FOOD ARCHIVES

Fish and Chips

by

Order a whole fish on a weekday afternoon and Mostafa Khalil—walled behind boxes of pastries—leaves his cash-register pulpit and strides to the front window. He examines the iced display, bending over to check a gill or two for freshness. The selection made, he ferries your trophy into the back, dusts it with sumac and sea salt, and rapidly grills it to blackness amid leaping flames, like a pharaonic Paul Prudhomme. Today the best fish is sea trout, but tomorrow it may be striped bass, mullet, or even salmon. Assembled on a series of plates, the meal ($12) is enough for two.

Bahry is an Egyptian fish market and café, a few tables on a side street off the Arab enclave of Fifth Avenue in Bay Ridge. There are little statues of lobsters and line fish strewn around the room, and one wall is plastered with incongruous water imagery: seaside snaps of Alexandria, a panorama of Niagara Falls, and Flipper completing an exuberant dive. Your fish du jour (sorry, no dolphin) comes with a stack of warm pitas, a saucer of tahini, and a salad of lettuce and tomato that has sometimes been vinaigretted a little too long. There’s also a choice of rice or chips. If these were chips in the British sense, you’d probably pick the rice. Instead they turn out to be homemade potato chips, some cut thick and some thin, dusted with cumin and cayenne. The alternating snap and squish as you chew them provides a rhythm track to a satisfying meal.
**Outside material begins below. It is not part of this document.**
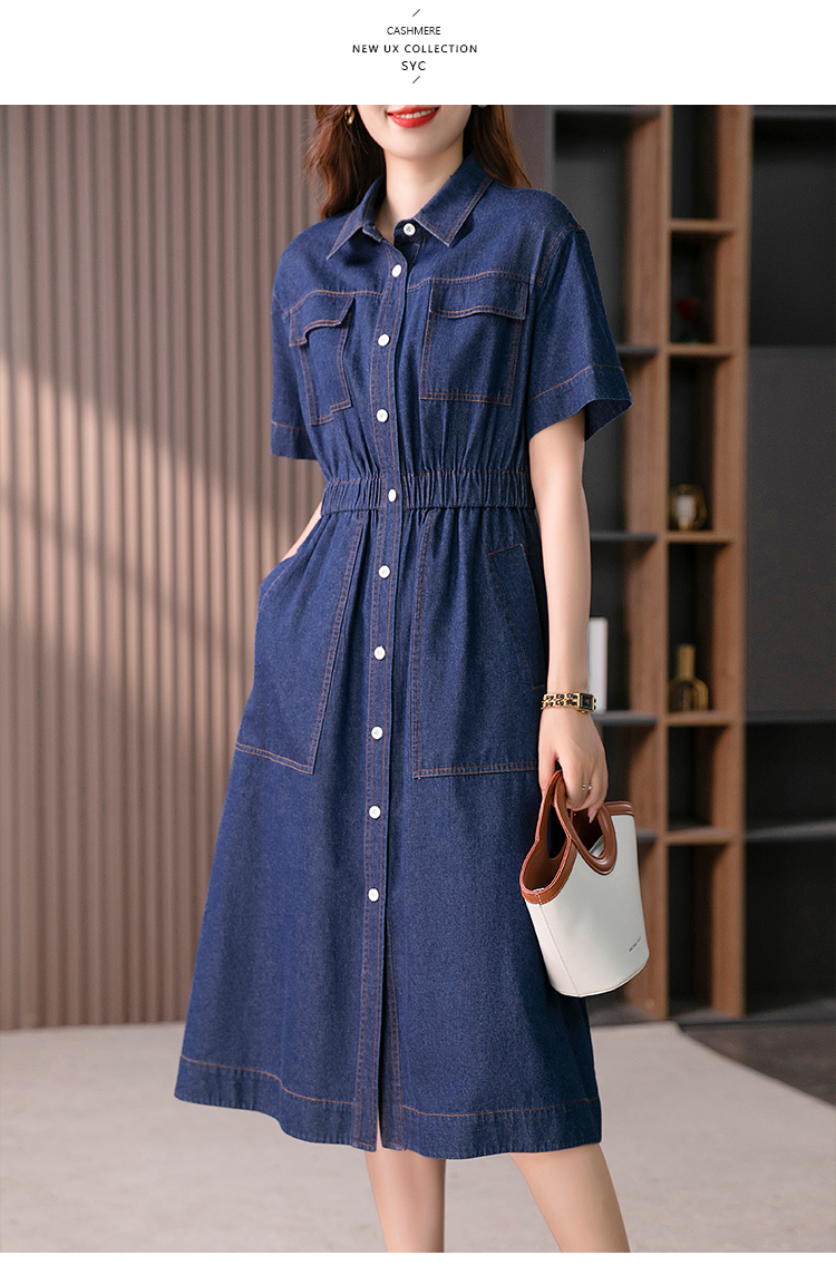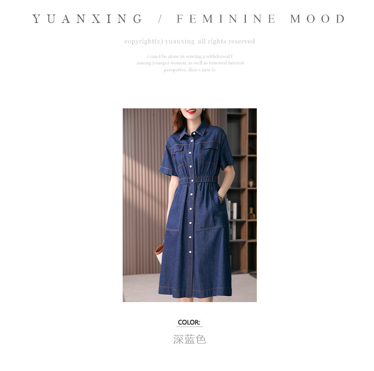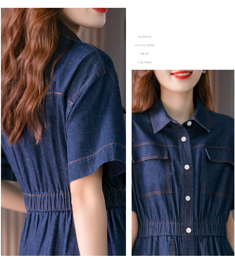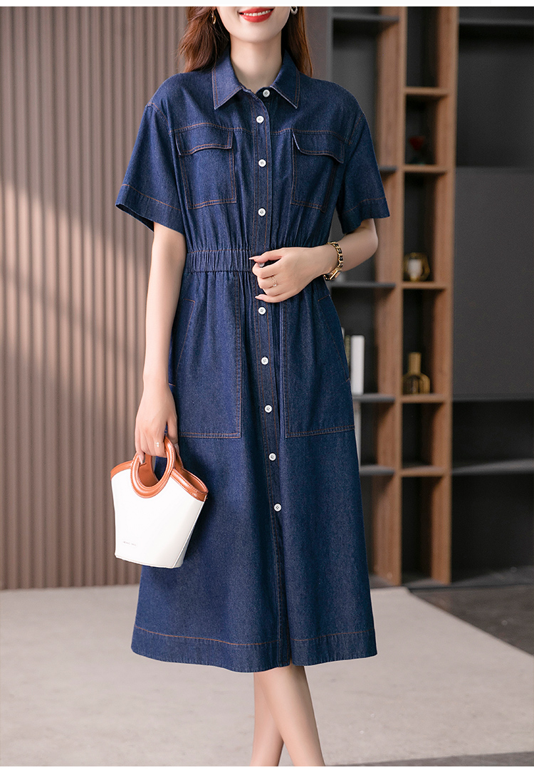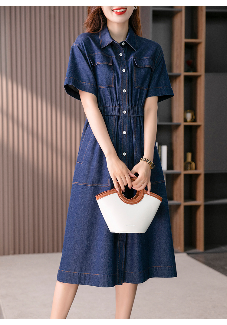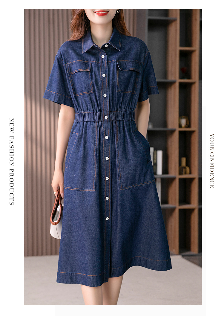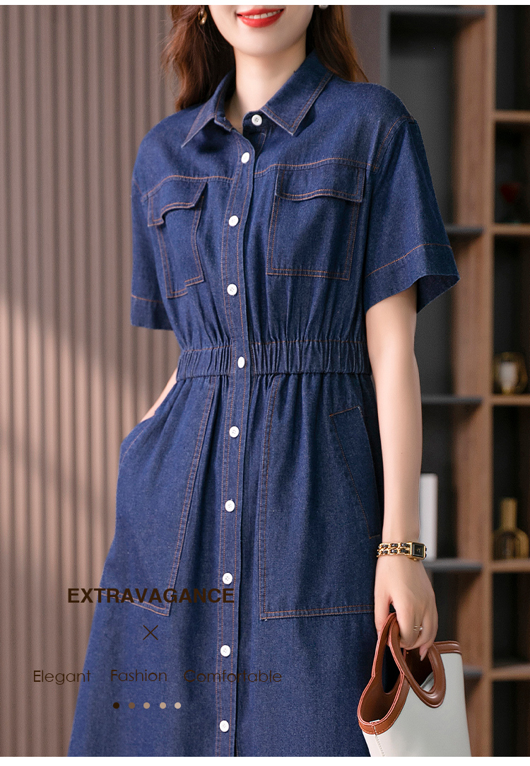 89307原形松紧收腰牛仔连衣裙女2024春夏季新款单排扣显瘦衬衫长裙子

One Saturday afternoon fish lovers jam the room as we invade with enough diners to try every variety. Croaker is my favorite, a modest-sized and flavorful specimen with a thin, crisp skin, but mullet—dark, sleek, and strongly flavored—also has its adherents. Pink porgy, flashing a set of short, ugly teeth, is pleasantly coarse-textured, while red snapper is rich and oily. Finally, there’s sea bass, mild-tasting and maybe the best deal because of its bulbous size. This afternoon the fish are deep fried with a light dusting of flour and spices—still delicious, but not as good as grilled.

Of course, if you order the whole-fish dinner, you’ll miss lots of other stuff. Fish and chips ($8) includes four flounder fillets and the same laudable chips, though the coating is thick and brittle. By contrast, fried calamari has virtually no breading at all; a heaping of sautéed onions, green chiles, and red bell peppers gives it a Creole air. You’ll be missing out if you don’t order a side of baba ganoush ($2). Though it has the expected smoky undertaste, it’s not the unassertive creamy sort that’s been blended with lots of tahini. Rather, a vinegar tang, lingering burn, and sprinkling of telltale seeds makes you suspect that the pickle juice from the chiles has been thrown into the blender along with the eggplant. Among the relentlessly aquatic choices—which included live crabs one recent evening—odd man out is the sausage sandwich. The pita is stuffed with slender links of a merguez cousin known in parts of the Middle East as mekanik. Expect it to taste strongly of beef and hot desert winds. Just don’t expect it to fix your car.